╭─ Source information

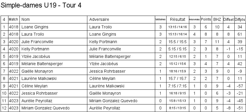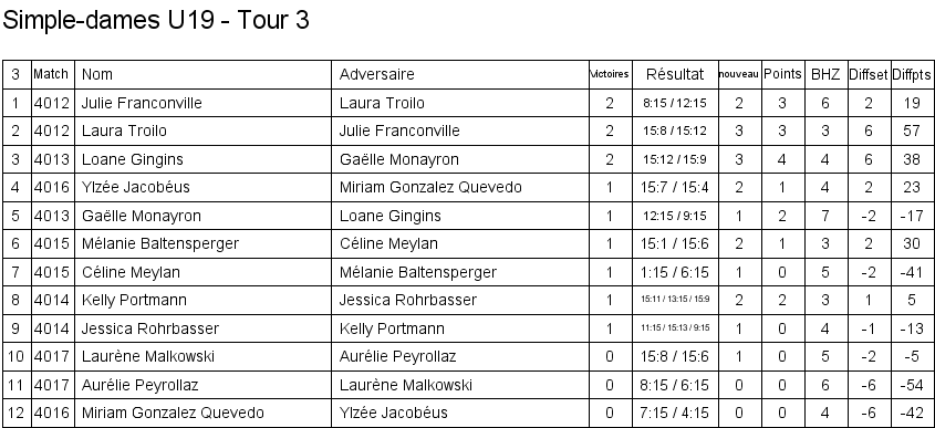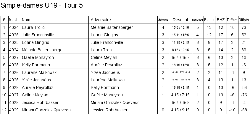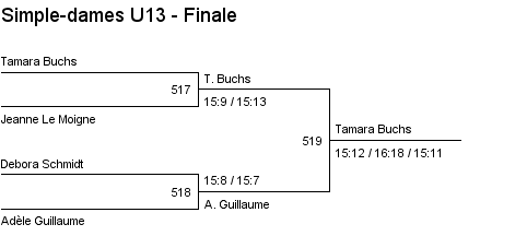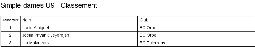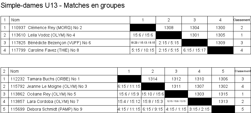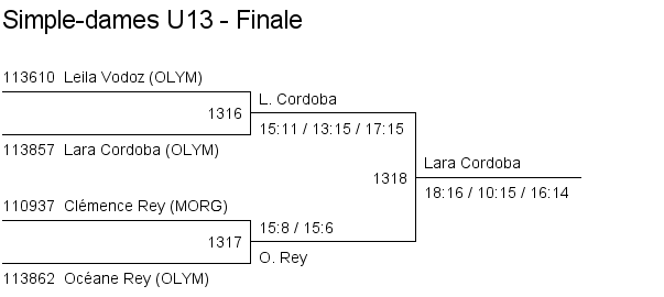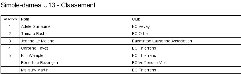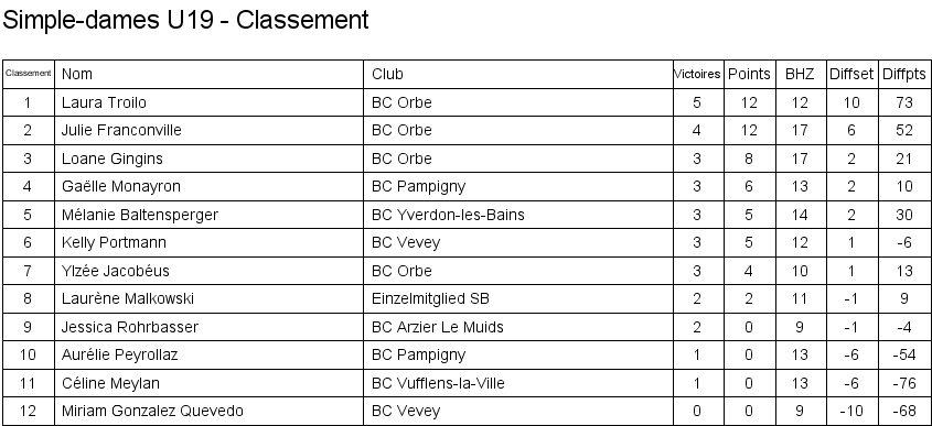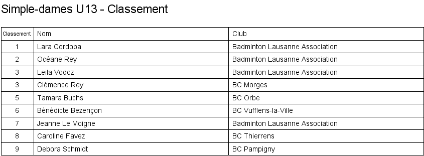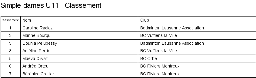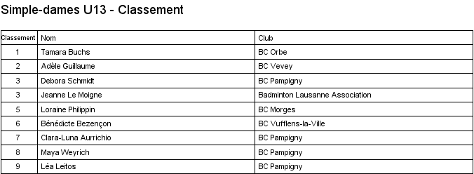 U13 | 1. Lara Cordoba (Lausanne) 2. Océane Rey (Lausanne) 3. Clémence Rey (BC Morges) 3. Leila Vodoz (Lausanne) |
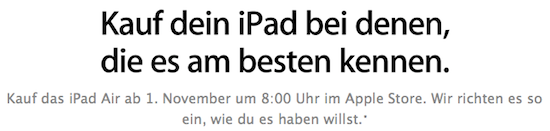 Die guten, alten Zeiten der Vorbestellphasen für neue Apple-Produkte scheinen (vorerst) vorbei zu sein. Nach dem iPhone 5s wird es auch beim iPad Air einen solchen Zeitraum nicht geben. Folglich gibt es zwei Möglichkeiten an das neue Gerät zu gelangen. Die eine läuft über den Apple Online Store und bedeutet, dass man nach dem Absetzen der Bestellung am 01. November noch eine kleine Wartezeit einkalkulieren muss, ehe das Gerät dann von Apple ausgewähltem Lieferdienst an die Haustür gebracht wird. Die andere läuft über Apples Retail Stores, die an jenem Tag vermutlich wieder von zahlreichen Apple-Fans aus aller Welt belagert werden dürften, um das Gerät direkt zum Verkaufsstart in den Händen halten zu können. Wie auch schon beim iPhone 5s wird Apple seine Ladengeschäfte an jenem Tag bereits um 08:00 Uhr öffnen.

╰─
╭─ Source information

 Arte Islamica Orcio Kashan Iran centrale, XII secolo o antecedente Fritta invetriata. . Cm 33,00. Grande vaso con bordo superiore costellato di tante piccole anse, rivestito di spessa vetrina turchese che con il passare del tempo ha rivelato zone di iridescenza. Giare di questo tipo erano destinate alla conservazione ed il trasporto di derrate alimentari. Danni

╰─

◆ Task to carry out ◆
Above are the records. Copy word for word only their lines from the one holding "U13 | 1. Lara" through the one holding "Die guten, alten", both included, and skip the images.

◆ Written reply ◆
 U13 | 1. Lara Cordoba (Lausanne) 2. Océane Rey (Lausanne) 3. Clémence Rey (BC Morges) 3. Leila Vodoz (Lausanne) |
 Die guten, alten Zeiten der Vorbestellphasen für neue Apple-Produkte scheinen (vorerst) vorbei zu sein. Nach dem iPhone 5s wird es auch beim iPad Air einen solchen Zeitraum nicht geben. Folglich gibt es zwei Möglichkeiten an das neue Gerät zu gelangen. Die eine läuft über den Apple Online Store und bedeutet, dass man nach dem Absetzen der Bestellung am 01. November noch eine kleine Wartezeit einkalkulieren muss, ehe das Gerät dann von Apple ausgewähltem Lieferdienst an die Haustür gebracht wird. Die andere läuft über Apples Retail Stores, die an jenem Tag vermutlich wieder von zahlreichen Apple-Fans aus aller Welt belagert werden dürften, um das Gerät direkt zum Verkaufsstart in den Händen halten zu können. Wie auch schon beim iPhone 5s wird Apple seine Ladengeschäfte an jenem Tag bereits um 08:00 Uhr öffnen.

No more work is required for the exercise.